Another reason given for delaying courses was that Corrections didn't want him mixing with the "mainstream prison population", Kathy said.
She said that did not make sense.
"He was in a mainstream unit with predominantly Mongrel Mob.
"Luckily he actually got on with them, but he could have easily gone along that road of going in and thinking 'oh yeah, I might as well be a Mongrel Mob' especially at that age."
He is now 21-year's-old and was released on Monday after finally completing the programme.
Judith Fyfe was his lawyer - she is also the acting convenor of Parole Law Committee, from the Wellington branch of the Law Society.
Delays around access to rehabilitation programmes or psychological help was not new, and getting worse, she said.
Fyfe had dozens of clients on her books facing the same problem, and said one man wasn't eligible for any programmes after 10 years in prison.
"The only alternative if you don't meet the criteria for the offender programmes is one-on-one work with a psychologist.
"His sentence is 13 years. He has been waiting all that time, he still hasn't had treatment and I was advised last week it would be unlikely that he would start his treatment until the year before his sentence ends in 2024.
"We have a waiting list of up to two years for most of our clients to get one on one treatment. It's quite dire.
"I'm now trying to get it privately. I've been through seven psychologists, and have been turned down by all of them except for one. They're just too busy."
Minister Kelvin Davis said inmates were often not getting help because they were not yet ready for it.
But Fyfe said that was wrong and Corrections knew it was keeping people in prison longer just because it did not have the resources. That delay only made the prisoners harder to treat, she said.
"There is definitely a threshold where a lot more work is required to rehabilitate somebody, if they have been sitting there year after year."

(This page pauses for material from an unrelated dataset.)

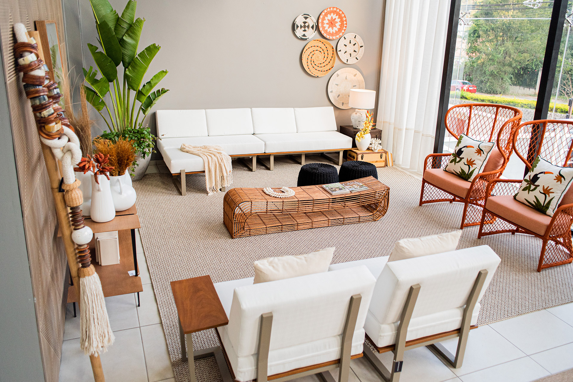 Estrutura em alumínio, pintura eletrostática e detalhes em madeira

Patricia Walsh is a social worker who once served time herself.
She said staying in prison longer does not make you a better person, but an angrier and more destroyed one.
"To have someone sit in a cell to 80 percent of their prison sentence and not engage with anything that is positive, that's detrimental to anybody's wellbeing. That's not good for your wairua."
The more help someone gets, the better chance at life they have, Walsh said.
"The longer you stay there, the more physiological and psychological impacts it has on you, and you take that out into the community.
"If you're going to be spending time in prison, make the most of that time, let's give that person the optimum chance to have a different life."
Prisoners are eligible to apply for parole after one third of their sentence, but most will serve more than three quarters.